Gridstack Pro: Positioned to Qualify for the Domestic Content Bonus

Fluence’s proactive and intentional supply chain regionalization and development of the Fluence Pack positioned us well to drive the benefits of the IRA to our customers.  

In October, we announced the launch of Gridstack Pro, an advanced energy storage solution built for the next era of utility-scale projects. Gridstack Pro utilizes the Fluence Pack. For the U.S. market, the Fluence Pack will be available with U.S.-manufactured battery cells and modules. This positions Gridstack Pro as one of the first energy storage solutions to qualify for the 10% ITC domestic content bonus under the IRA. Gridstack Pro adds a new offer to the Fluence Product Catalog, meeting emerging customer needs in a fast-growing market. The solution allows Fluence to maximize our scale across the supply chain and best serve customers through the highest degree of battery flexibility, while delivering consistent performance and full system-level safety. 

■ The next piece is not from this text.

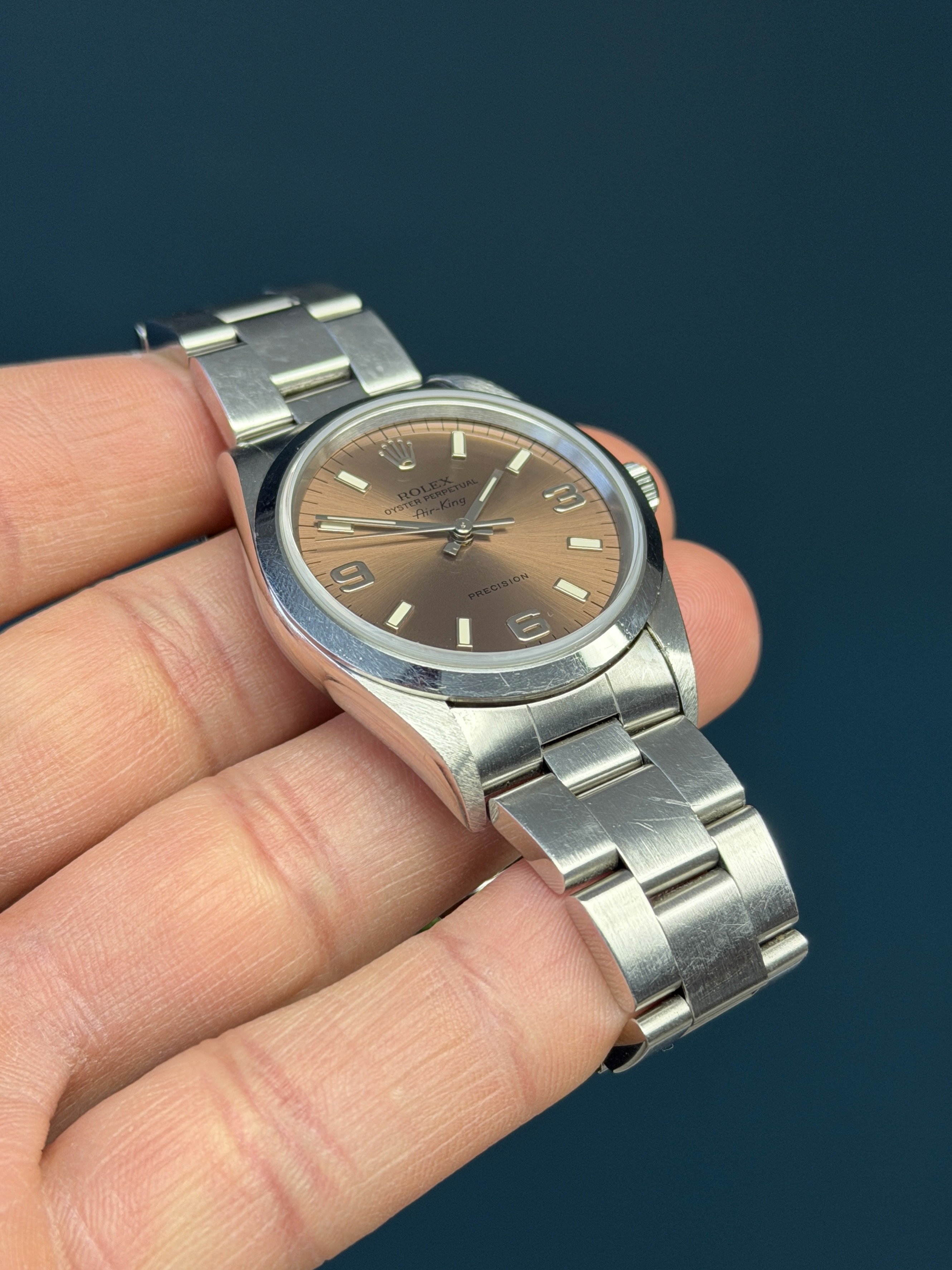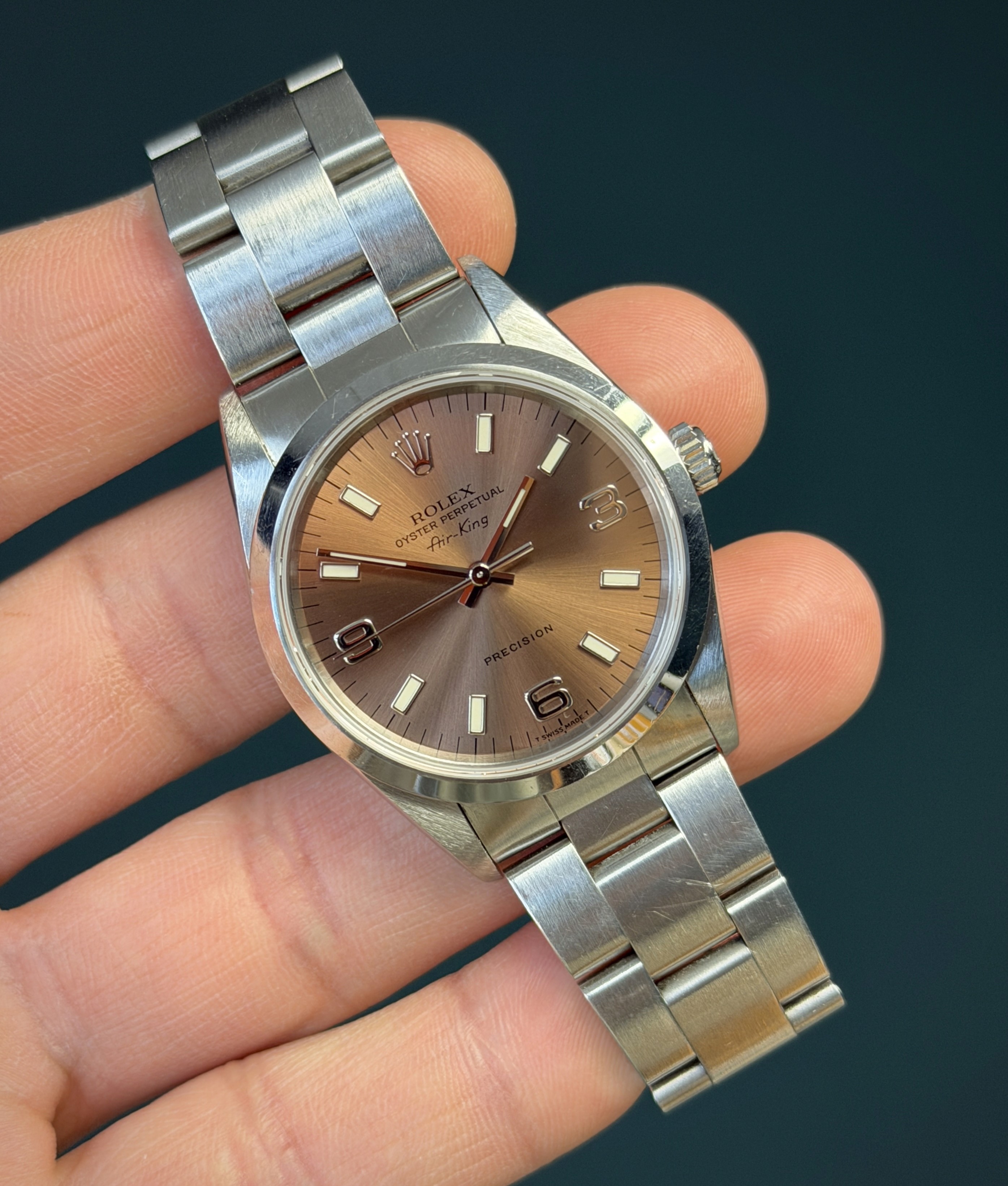 The Rolex Oyster Perpetual Air-King Reference 14000 with a Pink Salmon Dial is a stunning example of Rolex's commitment to timeless elegance and superior craftsmanship. This exquisite timepiece features a 34mm stainless steel case, perfectly balanced for both comfort and style. The unique Salmon-colored dial adds a touch of sophistication, beautifully contrasted by the sleek, minimalist design and luminous hour markers. Powered by the reliable Rolex Caliber 3000 automatic movement, the Air-King 14000 guarantees precise timekeeping and robust performance. The smooth bezel and classic Oyster bracelet enhance its refined aesthetic, making it suitable for any occasion. This particular model, with its rare and captivating salmon dial, stands out as a distinctive and highly sought-after addition to any watch collection, embodying the perfect blend of tradition and modernity.

Turning back to the IRA and its historic significance, its initial results are promising. Just a year after it passed, more than $110 billion has already been announced in new clean energy manufacturing investments. Through the launch of Gridstack Pro, Fluence is excited to help our customers capture the benefits of the domestic content bonus. Even more, we will continue doing the work needed to maintain a flexible and secure supply chain to ensure we remain a trusted partner for our customers around the world.